Getting the State Pension is not an automatic right. You need to make sufficient qualifying National Insurance (NI) contributions during your working lifetime to build up your entitlement, said Becky O’Connor, head of pensions and savings at Interactive Investor. “If you have less than 10 years of NI contributions, you will get nothing at all.”

You need 35 years to get the full basic State Pension, but many end up with a shortfall through no fault of their own.

Women are most likely to come unstuck, typically after giving up work to raise a family. Others lose out after periods of illness or unemployment.

The good news is that they can plug the gaps in their record by claiming National Insurance credits and this is well worth doing, according to Government-funded financial guidance site moneyhelper.org.

Each year of NI contributions gives you an extra £250 a year in State Pension. Over 20 years, this adds up.

Moneyhelper states that: “One year of National Insurance contributions can easily turn into £5,000 or more in State Pension over the course of a typical retirement.”

National Insurance credits are a way of maintaining your NI contributions record when you cannot make them in the usual way.

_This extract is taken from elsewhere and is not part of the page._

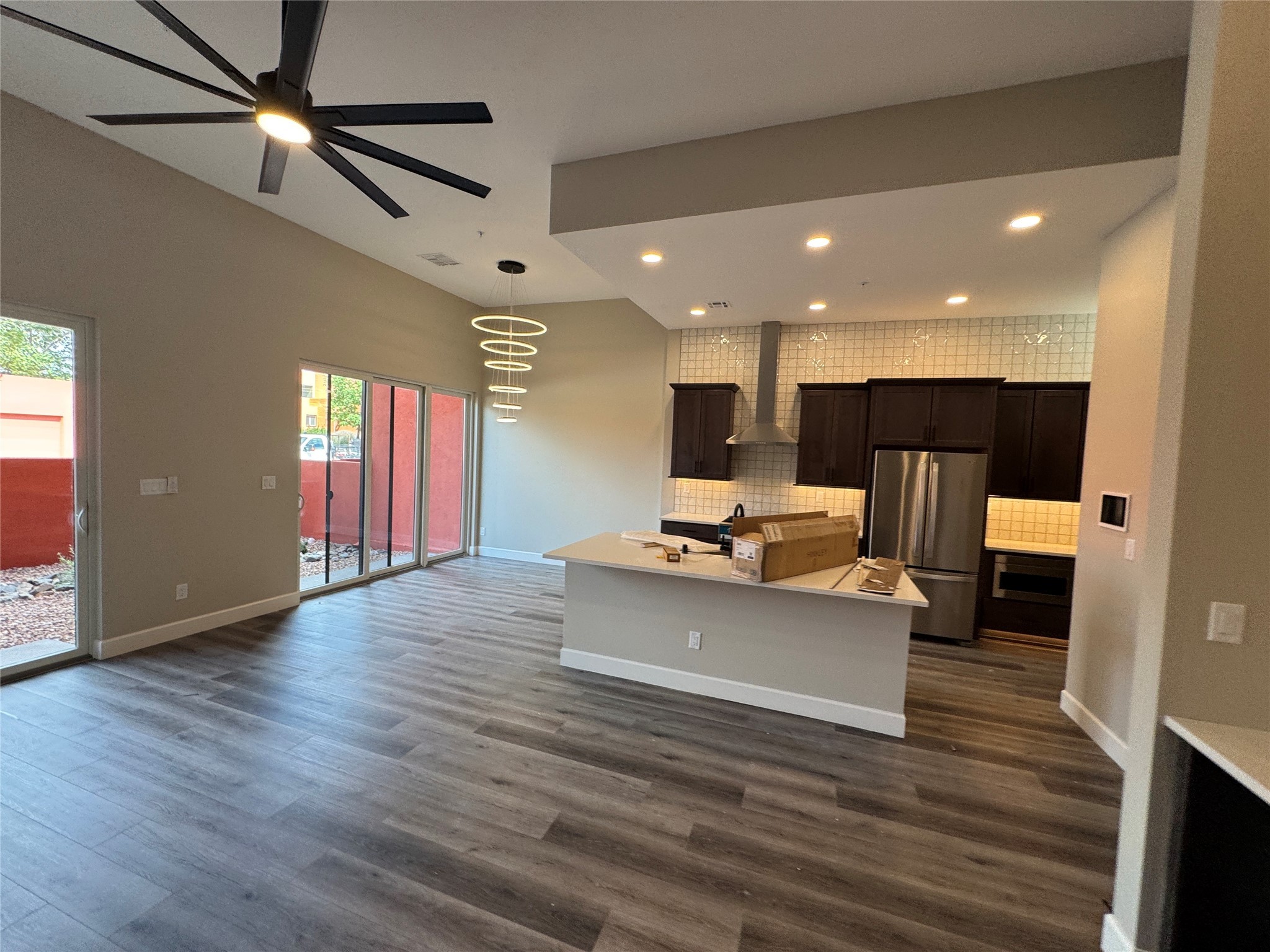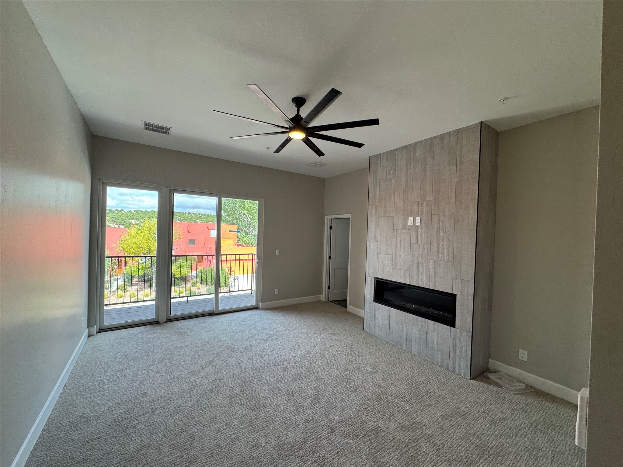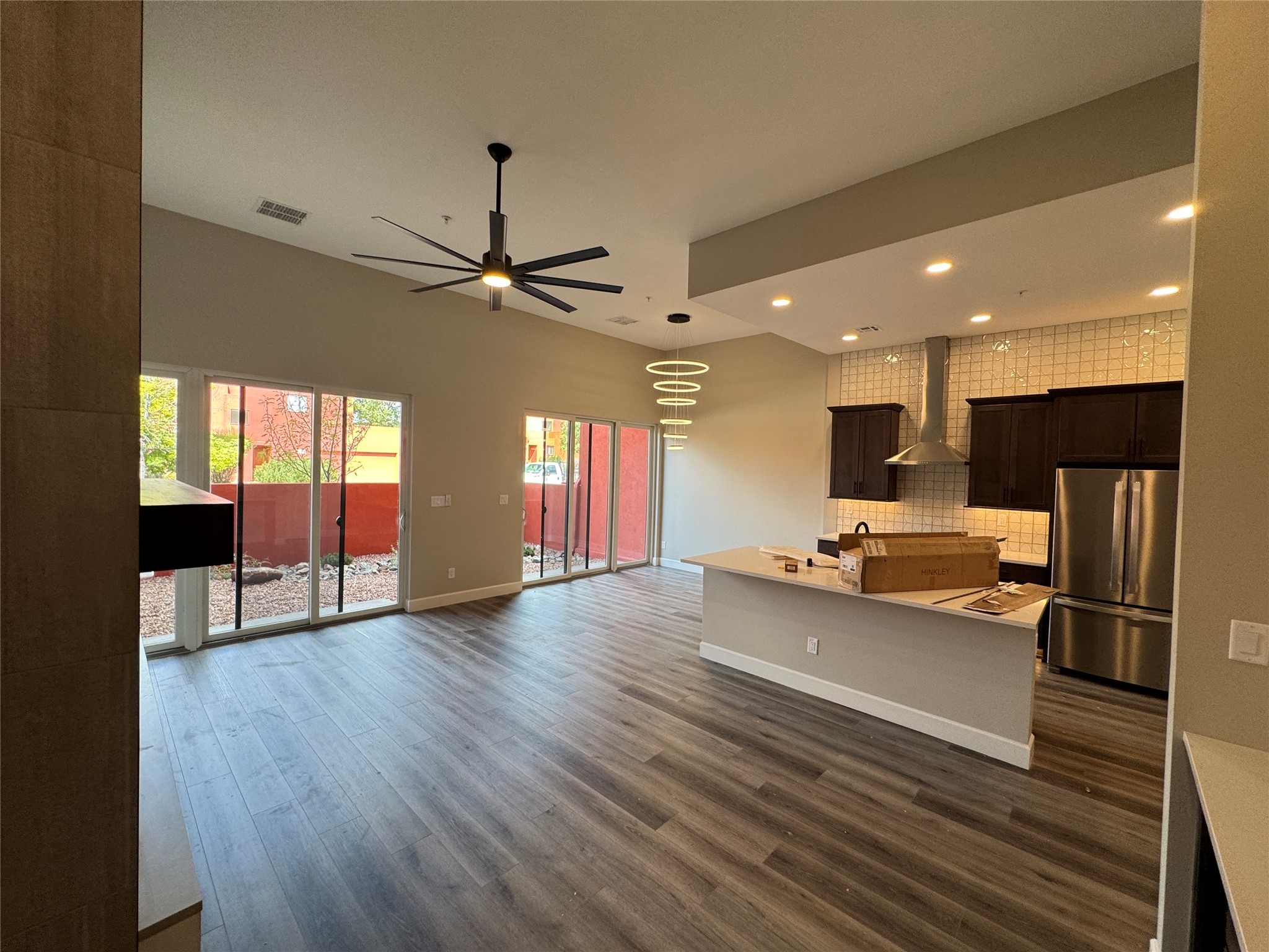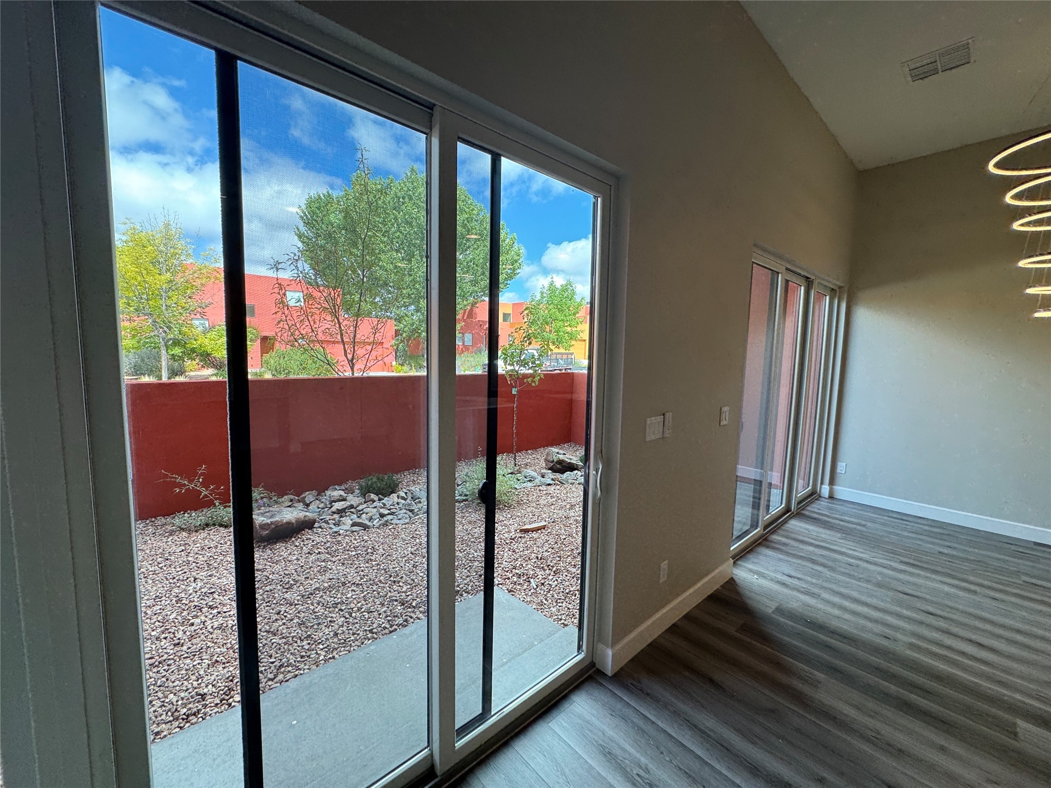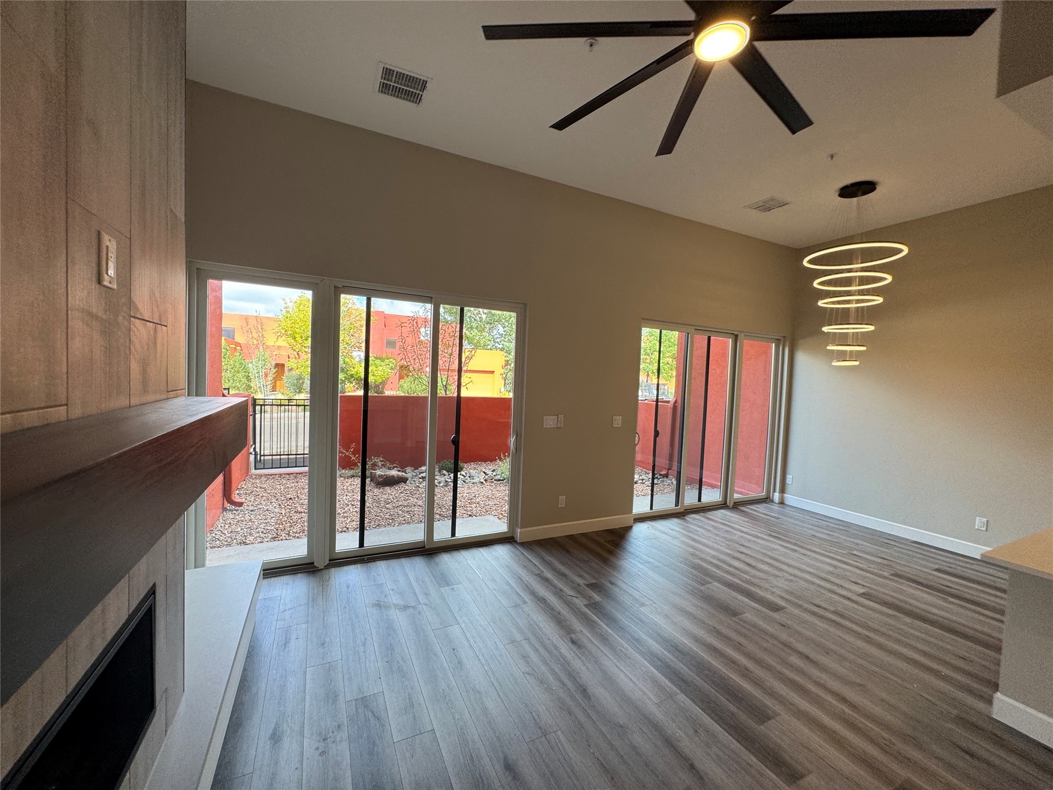 Welcome to Unit #45 at Zocalo, Santa Fe--A refined interior unit that perfectly melds luxury with comfort. As you step into the inviting foyer, you are presented with two enticing options: descend to the lower level where the expansive great room awaits, complete with modern grey toned, sophisticated brushed nickel finishes, and contemporary maple-finished flooring that radiates modern elegance. This level also houses the well-appointed kitchen and provides access to the beautifully landscaped patio, ideal for both vibrant entertainment and serene relaxation.Alternatively, ascend to the upper level where you will find the luxurious primary suite, featuring a cozy second fireplace that creates an opulent sanctuary perfect for restful nights. Atop boasts a junior suite offering additional comfort and privacy.

They help you to build up “qualifying years” towards your overall entitlement, plugging any gaps in your record.

You can claim them for any period when you were claiming benefits due to ill health or unemployment.

Also for periods when you stopped working while on maternity or paternity leave, or when receiving adoption pay.

NI credit are primarily aimed at mothers who give up work to raise a family, so can be claimed by those looking after a child under 12.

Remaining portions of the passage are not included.